Is lockdown allowing more people to have a voice?

The coronavirus pandemic has been frightening. For many people, it has been a lonely experience.

Everyone is more distant than ever. Overcoming the downsides of this has been the focus of plenty of articles in recent months.

As lockdown restrictions continue to transform the way we connect and communication as both individuals and as organisations, I’d like to consider another perspective and ask whether in the face of these challenges, space has been created for some new and different voices

Author and businessman Stephen Covey famously highlighted that one of the most important habits of highly effective leaders is the ability not just to find your own voice, but to inspire others to find theirs.

While the lockdown has created huge challenges for everyone at both a personal and professional level, what it has created is a levelling of the playing field at a scale we’ve never seen before. From leaders to frontline workers and everyone in between, what is putting us all on a more equal footing in organisations is that no one has the answers.

Is this leading to a new environment not just where more people are finding the confidence to raise their voice, but where we have the space to take more notice?

The Zoom era

One of the biggest changes in how we do our jobs has been the overnight shift to video conferencing as the primary way for us to connect and continue to make things happen.

Zoom now has more than 300 million daily users. It has transformed our daily life, and, while the challenge of Zoom fatigue is very real, the new behaviours it is enabling could also be having some positive effects that we can build on for the future.

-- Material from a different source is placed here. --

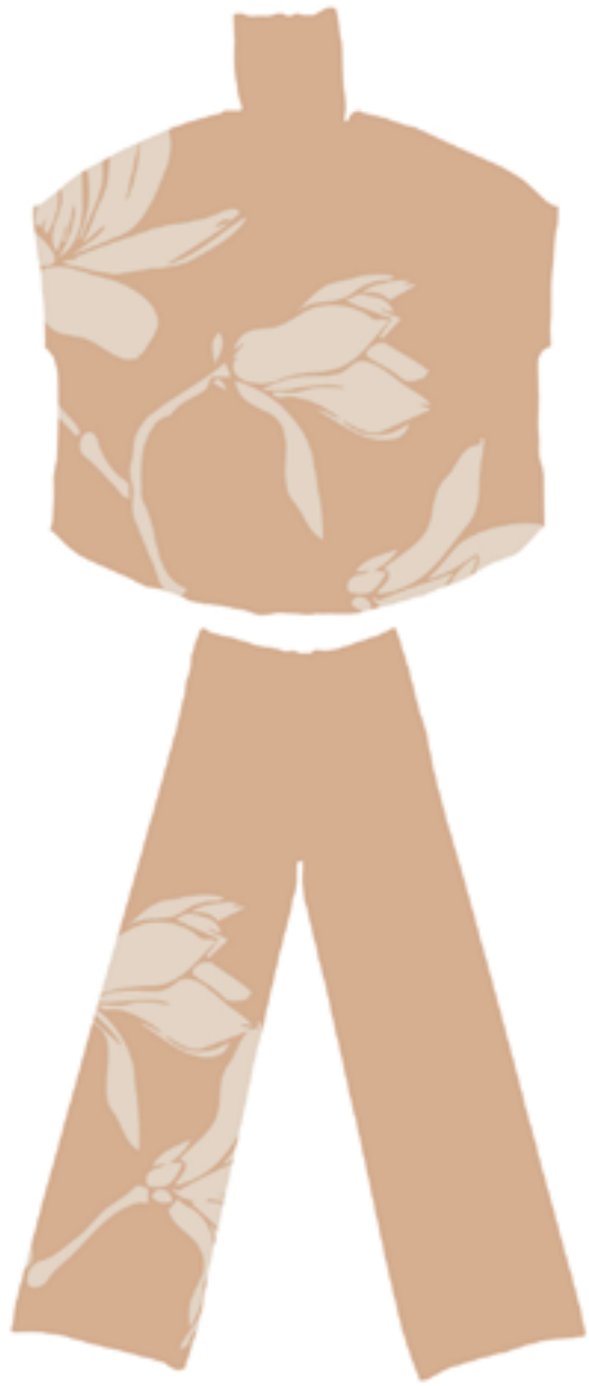
CASACCA art. CC4037A - var. NUT PANTALONE art. CC4038B - var. NUT

Some organisations that I have been talking too have been reflecting that they are starting to see that those often thought of as ‘the quiet ones’, now contributing more to conversations over Zoom and other platforms.

I was interested in an example of a Zoom meeting of around 15 mostly senior people discussing a new idea for a project, when one ‘quieter’ team member put some thoughts in the chat bar. That person’s idea went on to become the basis that the entire piece of work was taken forward on.

Whether they would have felt comfortable, confident or even given the opportunity to raise their voice above the crowd in a ‘traditional’ meeting setting is an interesting question, but on this new platform they had a new way to use their voice and they influenced the entire future direction of the piece of work as a result.

It got me thinking about how leaders and communicators can become more aware and better empower new voices in their organisations to feel confident enough to speak up. And if we did that how much hidden talent might we be able to uncover?

Thriving in lockdown

Similarly, there are some great examples of some of our current ways of working enabling people who have challenges with traditional office settings to thrive during lockdown.

People with underlying health conditions or commitments caring for family members that might previously have had to take time off to manage their health or responsibilities, potentially missing out on opportunities to have their say or share their ideas, are now being enabled to work in a different way and become more engaged.

Again, the benefits to organisations in unlocking new talent through a more flexible way of working is an interesting area to explore.

Old power vs new power

In the book #newpower, authors Jeremy Heimans and Henry Timms talk about a shift in power brought about by an increasingly hyper connected world from a top down, controlled flow of information, to a more open and collaborative approach where ideas and movements spread and flourish at a pace never seen before.

For communications, this creates a new world of possibilities – one where it’s no longer always the biggest organisations with the loudest voices that are having the most impact but providing a platform for the most genuine and authentic messages to shine through. More about this in a future blog!

Navigating an uncertain future

We are all continue to do our jobs in the face of huge uncertainty. The only thing we know for certain is that we don’t know what the future holds.

If we are to build something better from this then hearing more voices will certainly help. The challenge for everyone – and communications professionals in particular – is to maintain this diversity of contribution when the noise returns.